Jesus obviously saw the world for what it was. It was a scary frightening, brutal, and vicious place. More often than not, politically, and religiously it was corrupt and cruel. But it was still God’s world to be love in such a way to die for it. You found Jesus and his early disciples in many uncomfortable places: among the sick and the dying, among the oppressed, among the disenfranchised poor widow, orphans, blind, lame, and deaf. He loved and prayed and raised all that world up to the light, and tried to offer it to God in a prayerful yearning way.

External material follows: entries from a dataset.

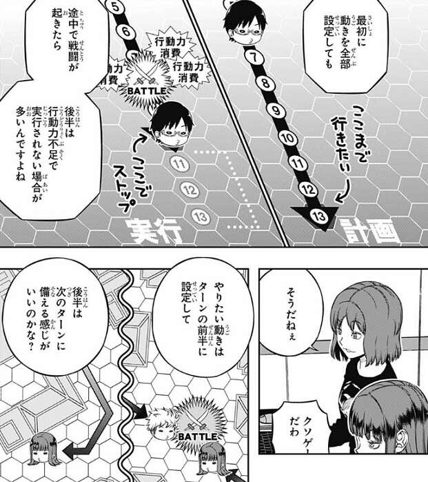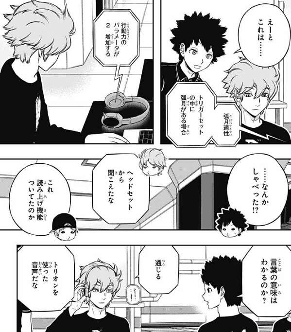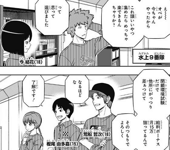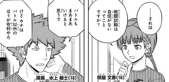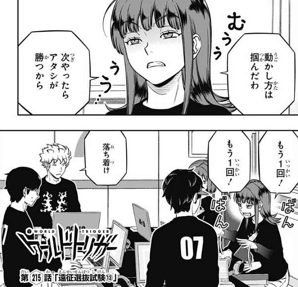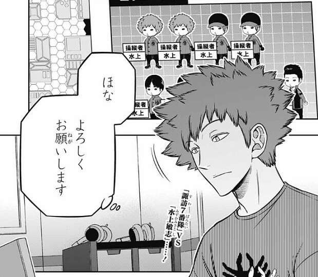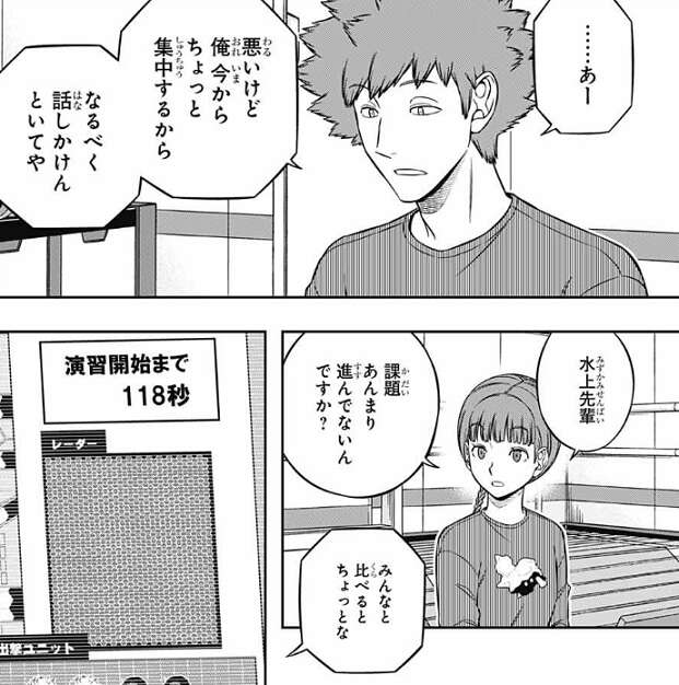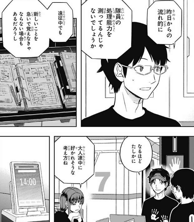 三雲は、昨日の流れ的に、隊員の処理能力を測ってるんじゃないでしょうか、と意見を言います。遠征中でも新しいことを急いで覚える必要もあるから、と三雲が続けて言うと、隠岐は納得しますが、香取は大人連中に好かれそうな考え方ね、とトゲのある言い方をして三雲に絡みます。14時になると今日の対戦順が届き、1試合目は水上9番隊との対戦だと判明します。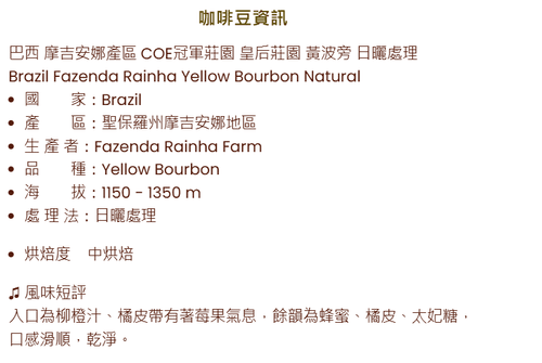 B7 Brazil Fazenda Rainha Yellow Bourbon Natural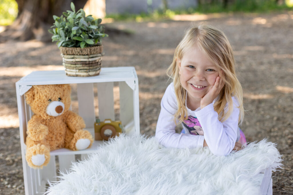 Ich fotografiere die Kinder dort, wo sie sich wohl fühlen – in liebevoll vorbereiteten Fotosets, an vertrauten Lieblingsplätzen oder beim Spielen draußen im Freien.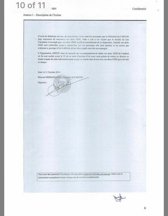 Le deuxième contrat a pour référence EIDHR 214/353-854. Le FOCODE demande le financement pour l’évacuation de Pacifique NININAHAZWE et sa famille du territoire national vers l’étranger, en Uganda plus précisément selon les termes de l’accord entre l’Union Européenne et l’ONG War Child Holland Burundi. Dans l’exposé des motifs Pacifique NININAHAZWE est décrit comme un militant des droits de l’homme, pacifiste dont la vie est menacée à cause de son opposition à la candidature de Pierre NKURUNZIZA.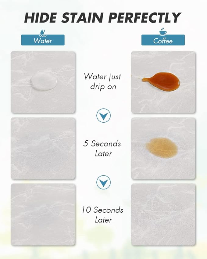 - NO WATER MARKS: 0.2" thick special PU surface hide coffee stains, milk stains and any other dark messy stains well. Say goodbye to traditional coffee mat full of stains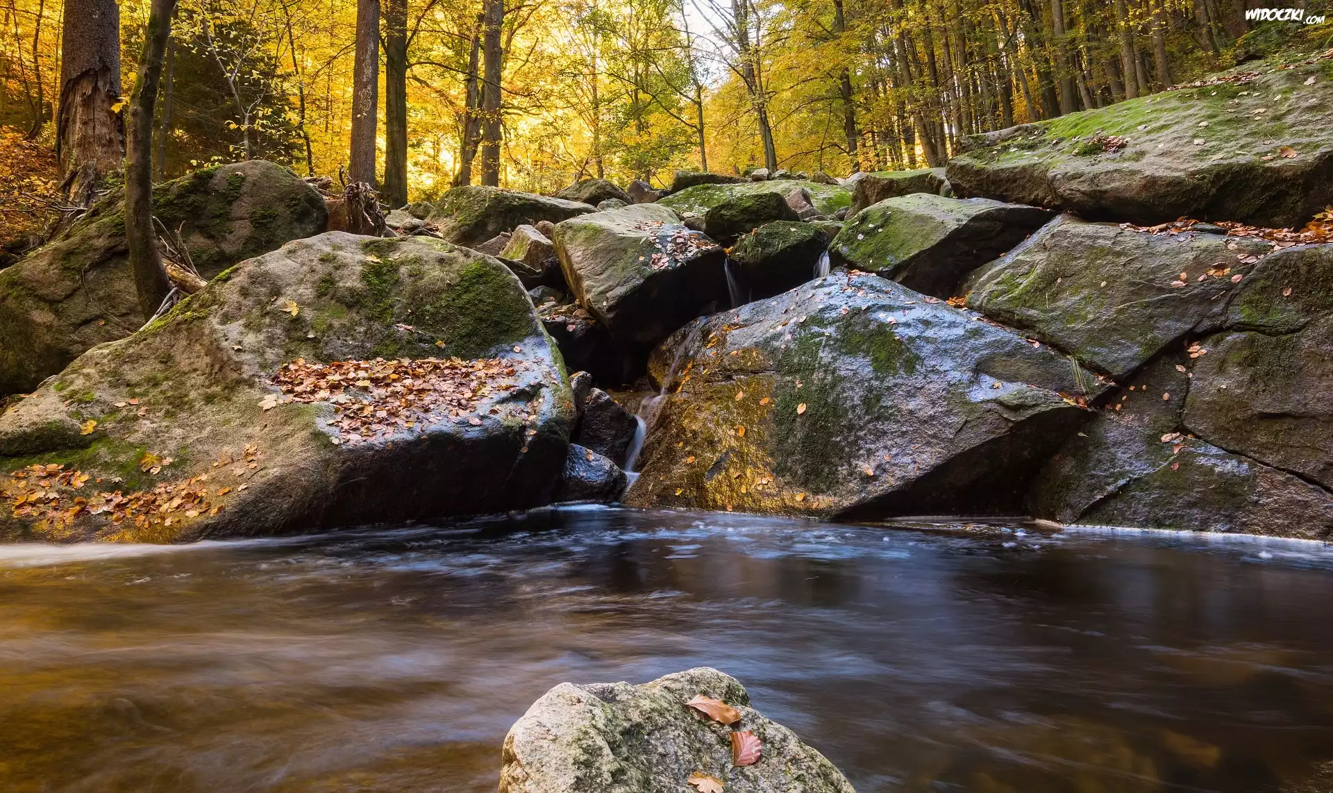 Zdjęcia, Las, Drzewa, Rzeka, Kamienie, Głazy

We have to constantly struggle with this issue. How do we see ourselves as the community of Christ? Are we isolated and elite, treating ourselves to the good life? Are we really, really, sacrificial when it comes down to who we are? We look at the late Mother Theresa with great admiration. Yet we often see the church of today taking great flight from the cities, and isolating itself from the neediness of the larger community, from the squalid places, the filthy slums. Maybe it’s because we see so much on the news that we retreat from the world, but Jesus didn’t pray for respite and retreat, even when Judas failed him, it was time to plunge ahead. When the church takes a stand as on gun control, and someone says “I’ll leave the church,” we have a tendency to go into a retreat mode without continuing to wrestle with our consciences and with what is right in the long run for the greater good of the whole community.

Clergy spend a lot of their time and energies in the ministry asking people to do things. Sometimes it seems the unending yearning and hymn of the parish priest or minister. Please help with this thing or that thing in the church. I wonder if it isn’t hard to get people involved because the church is so damn boring and piously sickeningly nice.

Let me ask you? And myself? Do you want to go to heaven and push the clouds around, and sit in the shadows of the pearly gates? Or would you rather be here in this world wrestling with the meaning of life, and seeking to discover purposeful living? Granted there are all times when the pushing the clouds around sounds like a real relief. But honestly, now. What would you really rather? The world isn’t easy, and there’s much that’s wrong and vicious, and corrupt. But Jesus prayed to the Father: Don’t take them out of the world, don’t let them be corrupted by it, but don’t take them out of it, “as you have sent me to the world, so I have sent them into the world.